++++ Extracted entries
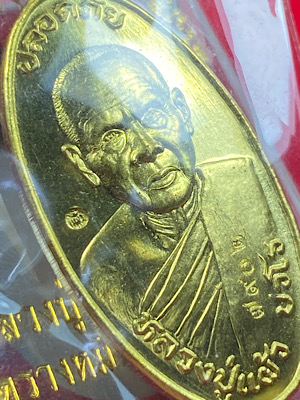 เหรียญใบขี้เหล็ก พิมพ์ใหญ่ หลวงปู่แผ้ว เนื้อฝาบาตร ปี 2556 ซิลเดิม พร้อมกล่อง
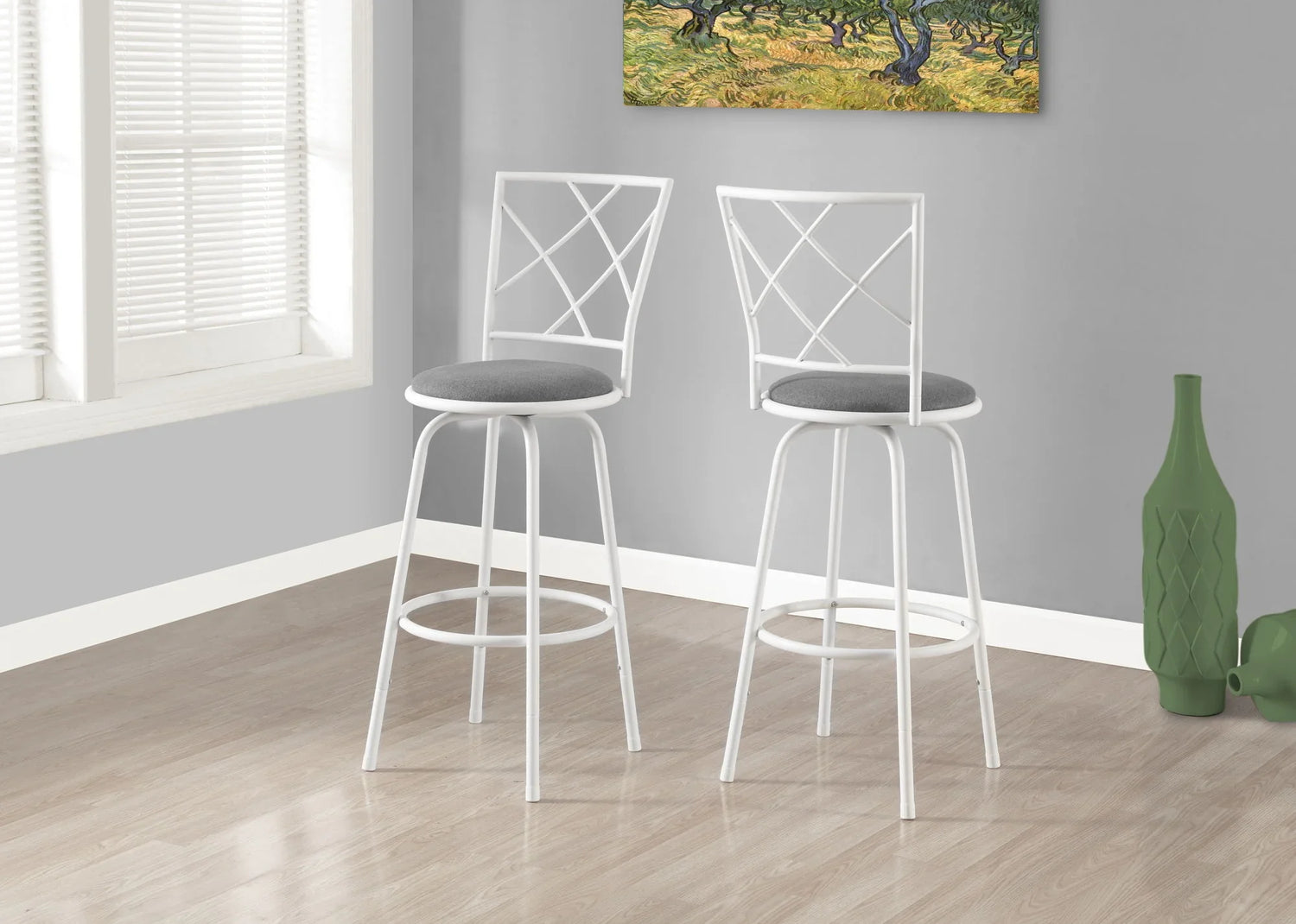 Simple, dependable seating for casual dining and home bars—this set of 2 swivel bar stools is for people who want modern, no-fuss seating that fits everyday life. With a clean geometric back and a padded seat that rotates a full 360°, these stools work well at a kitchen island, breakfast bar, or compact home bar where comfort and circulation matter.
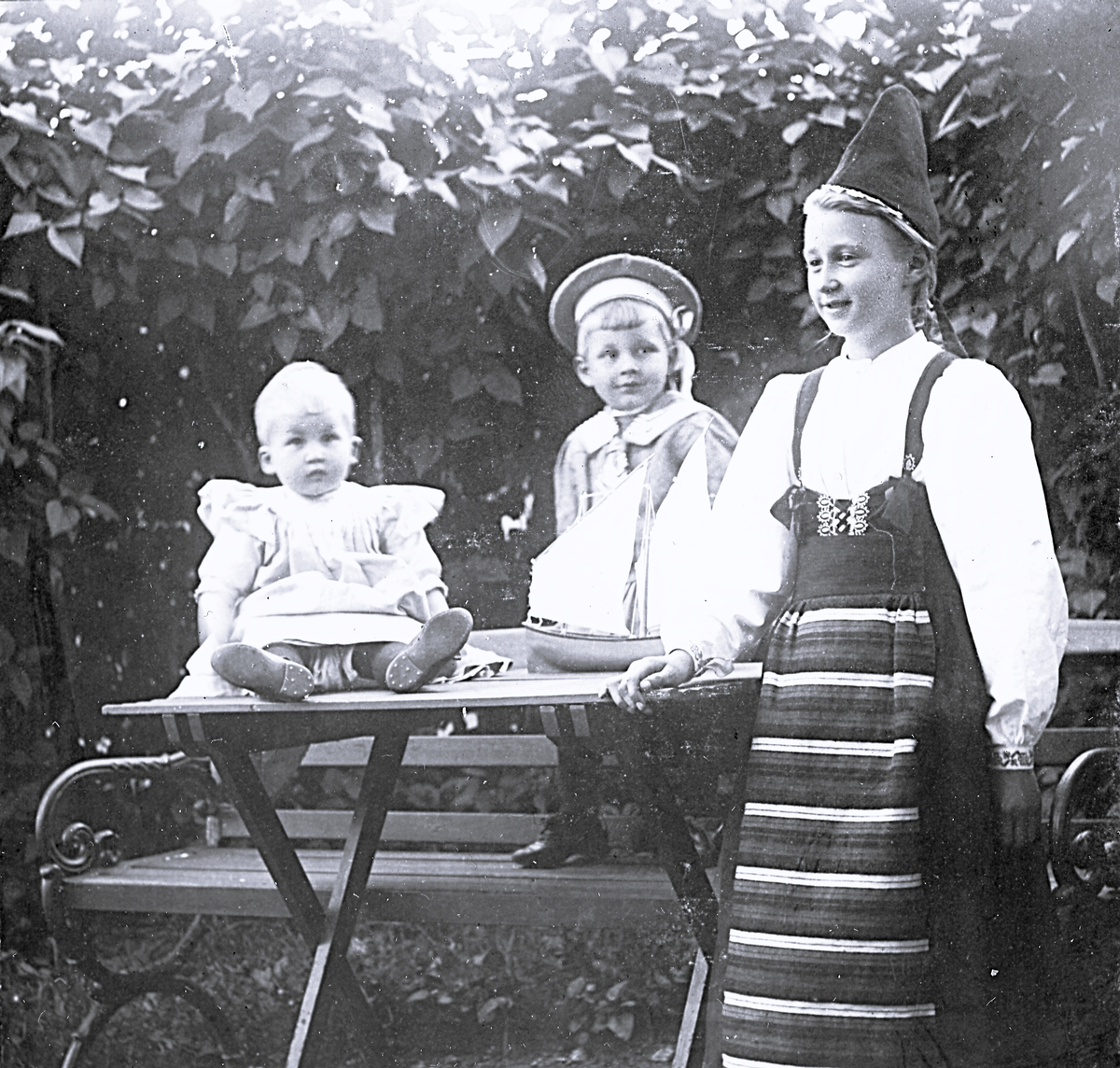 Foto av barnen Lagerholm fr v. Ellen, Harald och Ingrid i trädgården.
++++++++
++++ Extracted entries
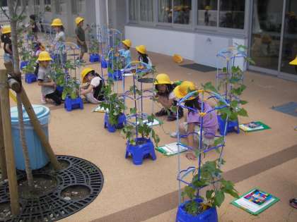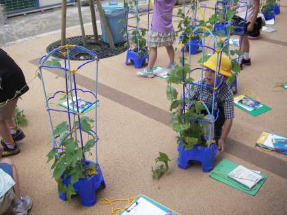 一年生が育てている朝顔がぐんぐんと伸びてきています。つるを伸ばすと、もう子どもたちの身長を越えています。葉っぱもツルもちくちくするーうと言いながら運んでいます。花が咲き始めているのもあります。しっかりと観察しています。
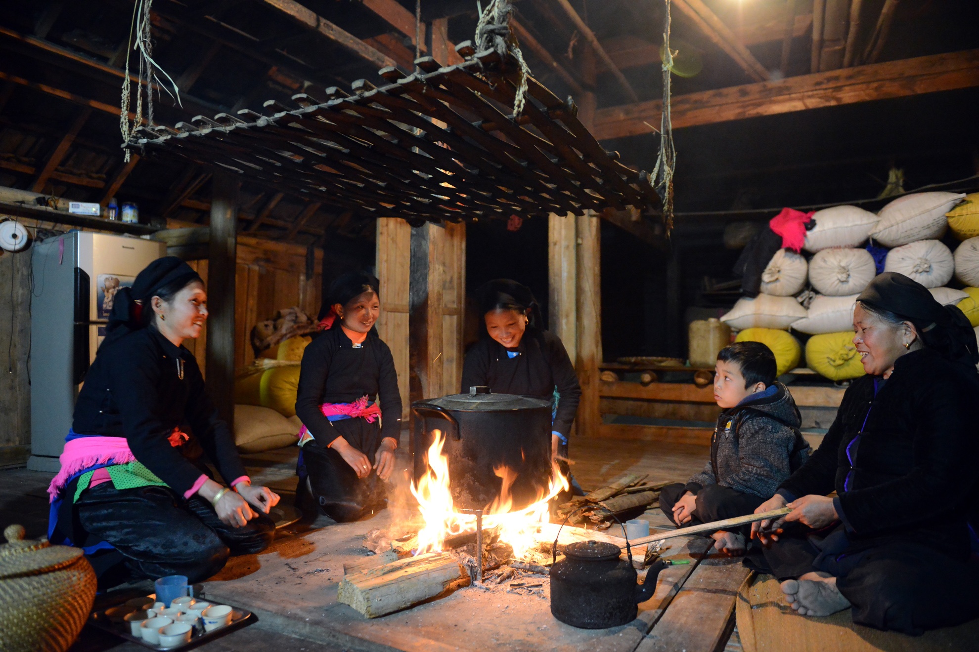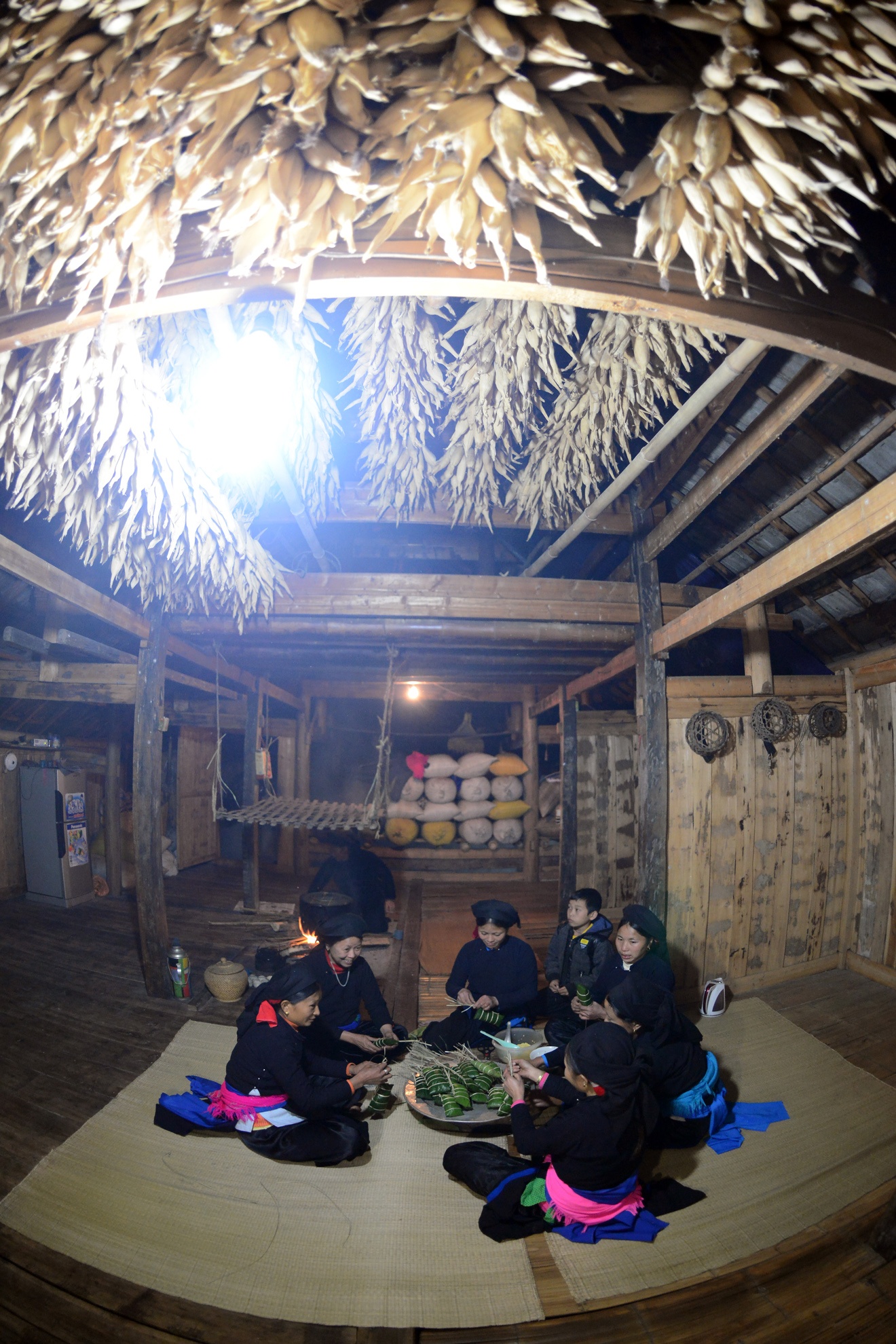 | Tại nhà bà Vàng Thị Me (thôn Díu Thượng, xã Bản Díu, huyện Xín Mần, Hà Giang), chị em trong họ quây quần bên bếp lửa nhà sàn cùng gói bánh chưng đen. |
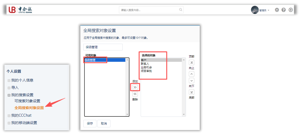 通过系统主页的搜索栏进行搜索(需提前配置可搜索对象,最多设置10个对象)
++++++++
■ Activity
Using the data above, give again exactly the lines starting at the one holding "เหรียญใบขี้เหล็ก พิมพ์ใหญ่ หลวงปู่แผ้ว" and ending at the one holding "Simple, dependable seating", inclusive, and nothing more. Omit the pictures.

■ Answer space
 เหรียญใบขี้เหล็ก พิมพ์ใหญ่ หลวงปู่แผ้ว เนื้อฝาบาตร ปี 2556 ซิลเดิม พร้อมกล่อง
 Simple, dependable seating for casual dining and home bars—this set of 2 swivel bar stools is for people who want modern, no-fuss seating that fits everyday life. With a clean geometric back and a padded seat that rotates a full 360°, these stools work well at a kitchen island, breakfast bar, or compact home bar where comfort and circulation matter.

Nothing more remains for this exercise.